Rastogi Radhika, Lattimore Courtney M, Mehaffey J Hunter, Turrentine Florence E, Maitland Hillary S, Zaydfudim Victor M
Department of Surgery, University of Virginia, Charlottesville, VA 22908.
Surgical Outcomes Research Center, University of Virginia, Charlottesville, VA 22908.
Surg Open Sci. 2022 Apr 26;9:34-40. doi: 10.1016/j.sopen.2022.04.003. eCollection 2022 Jul.
Venous thromboembolism is a preventable cause of morbidity and mortality after surgery. To ensure that patients receive appropriate venous thromboembolism chemoprophylaxis, a nonmandatory risk-stratification tool based on patient clinical condition was implemented through the electronic health record to stratify patient risk and recommend chemoprophylaxis. We hypothesized that implementing this tool would reduce postoperative venous thromboembolism events in general surgery as well as across all surgical services.
All adult patients undergoing inpatient surgical operations (January 2012-December 2019) at a single quaternary care center and Level 1 trauma center were abstracted from institutional electronic health record database and stratified into patients admitted before and after venous thromboembolism risk-stratification tool implementation. Bivariable analyses compared venous thromboembolism chemoprophylaxis prescription and venous thromboembolism events with implementation and screening among all surgical patients as well as in general surgery patient subset.

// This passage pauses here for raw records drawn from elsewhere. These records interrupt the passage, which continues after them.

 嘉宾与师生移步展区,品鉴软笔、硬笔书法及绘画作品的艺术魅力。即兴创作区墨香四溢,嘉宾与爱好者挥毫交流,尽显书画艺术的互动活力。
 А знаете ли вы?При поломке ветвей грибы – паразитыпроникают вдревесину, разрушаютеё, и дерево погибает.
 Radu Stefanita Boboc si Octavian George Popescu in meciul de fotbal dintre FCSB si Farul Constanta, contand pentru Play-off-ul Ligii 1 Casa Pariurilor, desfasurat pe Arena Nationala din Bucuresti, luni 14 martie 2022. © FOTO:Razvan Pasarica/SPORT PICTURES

A total of 64,377 adults underwent operations: 27,819 preimplementation and 36,558 postimplementation. A significant reduction in venous thromboembolism events occurred from pre- to post-tool implementation for all cases (0.77% vs 0.47%, P < .001). General surgery patients ( = 15,723) had a significant increase in chemoprophylaxis prescription (81.9% vs 86.0%, P < .001) and a significant reduction in venous thromboembolism events (1.41% vs 0.59%, P < .001). After tool implementation, use of extended postdischarge chemoprophylaxis was greater among general surgery patient subset than the entire patient cohort (46.7% vs 29.6%, P < .001).

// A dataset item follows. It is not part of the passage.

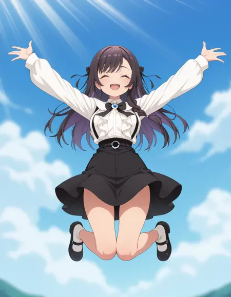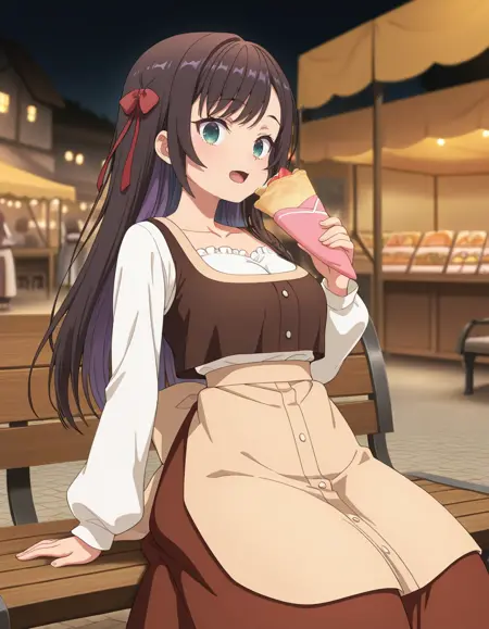 <lora:alina_clover-girumasu_s1-v4-ixl-anime-soralz:1>, alina clover (girumasu), long hair, multicolored hair, black hair, purple hair, swept bangs, red hair ribbon, single braid, blue eyes, (green eyes:0.8), date outfit, white blouse, brown vest, long sleeves, beige apron, back bow, beige bow, brown skirt, white socks, mary janes

The integration of a nonmandatory electronic health record risk-stratification tool was associated with a significant reduction in venous thromboembolism events. Extended chemoprophylaxis was prescribed in nearly half of general surgery patients at very high risk for postdischarge events.
静脉血栓栓塞是手术后可预防的发病和死亡原因。为确保患者接受适当的静脉血栓栓塞化学预防,通过电子健康记录实施了一种基于患者临床状况的非强制性风险分层工具,以对患者风险进行分层并推荐化学预防措施。我们假设实施该工具将减少普通外科以及所有外科服务中的术后静脉血栓栓塞事件。
从机构电子健康记录数据库中提取在单一的四级医疗中心和一级创伤中心接受住院手术操作的所有成年患者(2012年1月至2019年12月),并将其分为静脉血栓栓塞风险分层工具实施前后入院的患者。双变量分析比较了所有手术患者以及普通外科患者亚组中静脉血栓栓塞化学预防处方和静脉血栓栓塞事件与实施和筛查情况。
共有64377名成年人接受了手术:实施前27819例,实施后36558例。从工具实施前到实施后,所有病例的静脉血栓栓塞事件显著减少(0.77%对0.47%,P<0.001)。普通外科患者(n=15723)的化学预防处方显著增加(81.9%对86.0%,P<0.001),静脉血栓栓塞事件显著减少(1.41%对0.59%,P<0.001)。工具实施后,普通外科患者亚组中出院后延长化学预防的使用高于整个患者队列(46.7%对29.6%,P<0.001)。
非强制性电子健康记录风险分层工具的整合与静脉血栓栓塞事件的显著减少相关。近一半具有出院后事件极高风险的普通外科患者接受了延长化学预防。